# Artesian Spring 'Toga



## bearswede (Jul 31, 2006)

Well, my latest arrived today... I knew it had an open bubble, but was surprised by the vast depth of it... It must be a third of an inch wide and it's volume angles down inside the bottle... I'm amazed it didn't go all the way thru...

  Otherwise, the bottle is a beaut... I'm thinking I'll fill it with plain, clear resin, just so no one cuts themselves on the sharp edges... But I figure it doesn't need, probably shouldn't have, any tint added or it would look too dark...

  Any thoughts?

  Thanks,

  Ron


----------



## bearswede (Jul 31, 2006)

Here's the side with the bubble... It appears as a lite oval just under the intertwined "AS"...


----------



## capsoda (Jul 31, 2006)

One thought Ron, them Artesians get real upset when you take their togas.[sm=lol.gif][sm=lol.gif][sm=lol.gif]

 Nice bottle too, and I think your probable right.

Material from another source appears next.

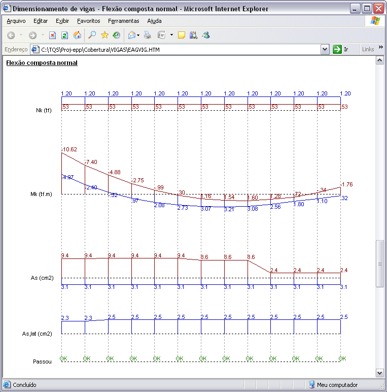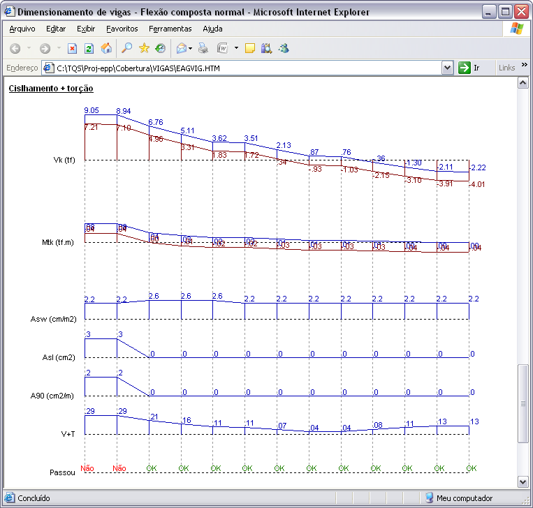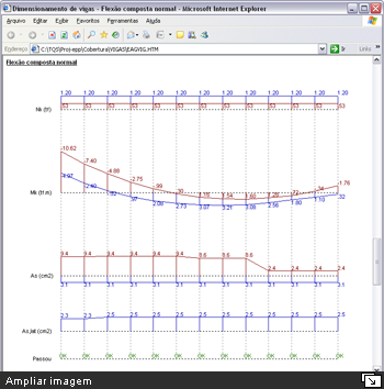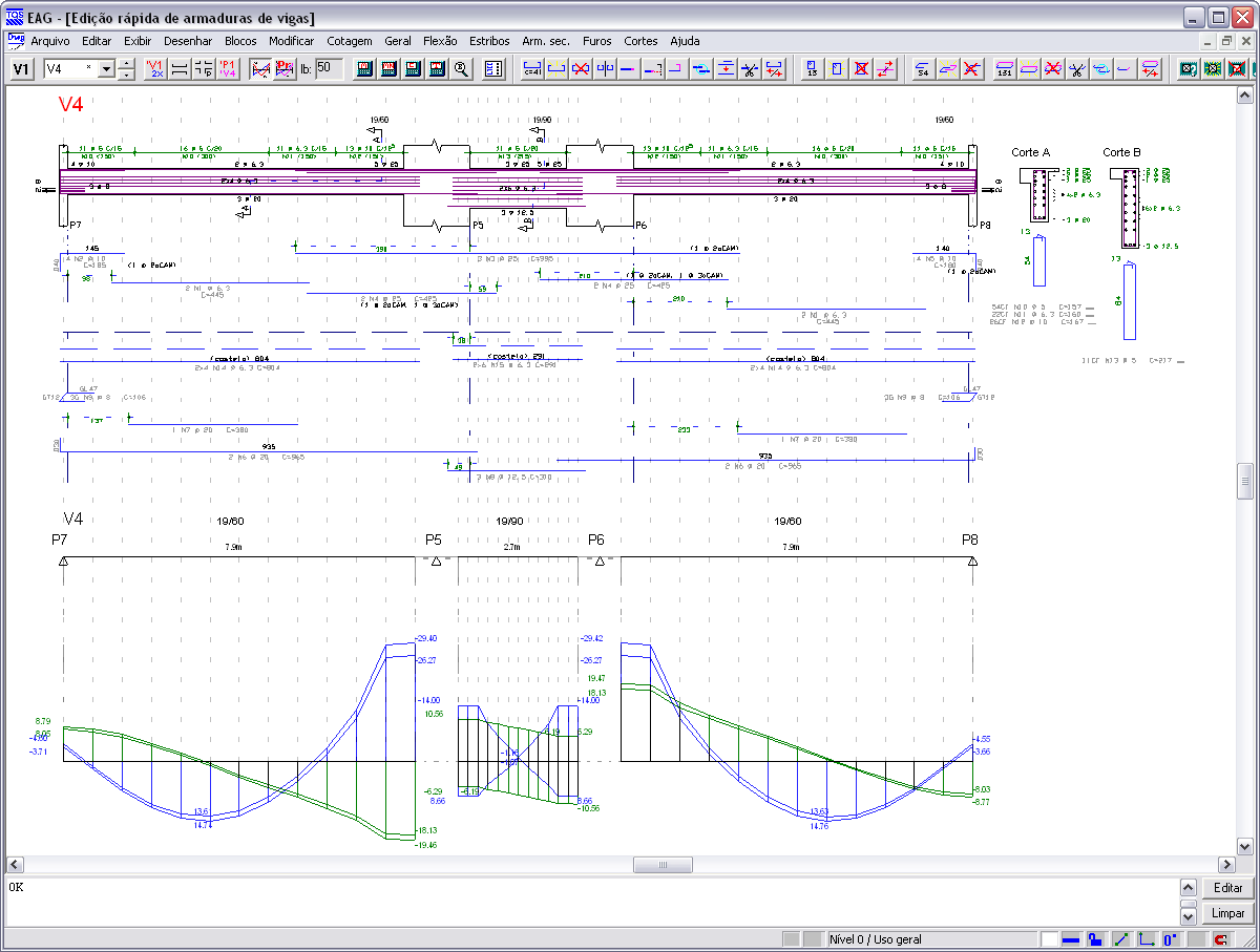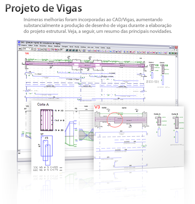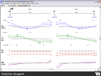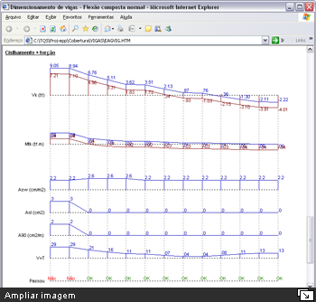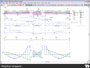 Undo e Redo no Editor Rápido de ArmadurasDurante a edição de dados das armações de uma viga, o usuário pode desfazer e/ou refazer qualquer alteração, sem limitações. Comando de verificação de vigasO comando de verificação à flexão composta normal existente dentro do editor rápido de armaduras do CAD/Vigas foi ampliado e melhorado. Ao invés de resultados em tabelas, todas as informações por vão da viga são apresentadas graficamente, conforme mostra a figura a seguir. Além da verificação das solicitações normais, passam a ser também considerados os efeitos de cisalhamento e torção de forma combinada. Diagrama de solicitações em vigasO visualizador de diagramas de solicitações em vigas foi amplamente remodelado e melhorado. Além do esquema estrutural da viga, que inclui a representação dos apoios, trechos rígidos e vãos teóricos, os diagramas de solicitações (N, V, M, Mt) são apresentados em cores, facilitando a interpretação dos resultados. Diversos parâmetros que controlam a visualização dos diagramas foram adicionados, tais como: tamanho dos textos, impressão de valores intermediários, enquadramento automático do desenho na janela, etc. Essa nova representação dos diagramas de solicitações também foi disponibilizada no editor rápido de armaduras, podendo auxiliar na concatenação dos esforços atuantes na viga com o dimensionamento e detalhamento de suas armaduras. Cortes de seção em vigasO desenho dos cortes de seções transversais em vigas foi melhorado. O resumo e o posicionamento das armaduras são representados com mais precisão. Ao longo da viga, todos os cortes são ordenados automaticamente.

 I guess that was two thoughts. Now I'm exshausted.RoR


----------



## annie44 (Jul 31, 2006)

Hi Ron,
 Nice bottle - I'm sorry the bubble turned out to be larger than you anticipated -  that has happened to me before, too.
 Don't have any suggestions on the repair, because I don't know anything about it!  But if you're ever in VA stop by and I have several bottles that I could put you to work on fixing up for me!   
 Cindy


----------



## Bottle tumbler (Jul 31, 2006)

easy fix. dont use resin, it will discolor inyears and turn yellow. use hxtal. never yellows and hardens like glass. no color needs to be added, it will take on the surroundng color.
  if you want me to fix it let me know.

  rick


----------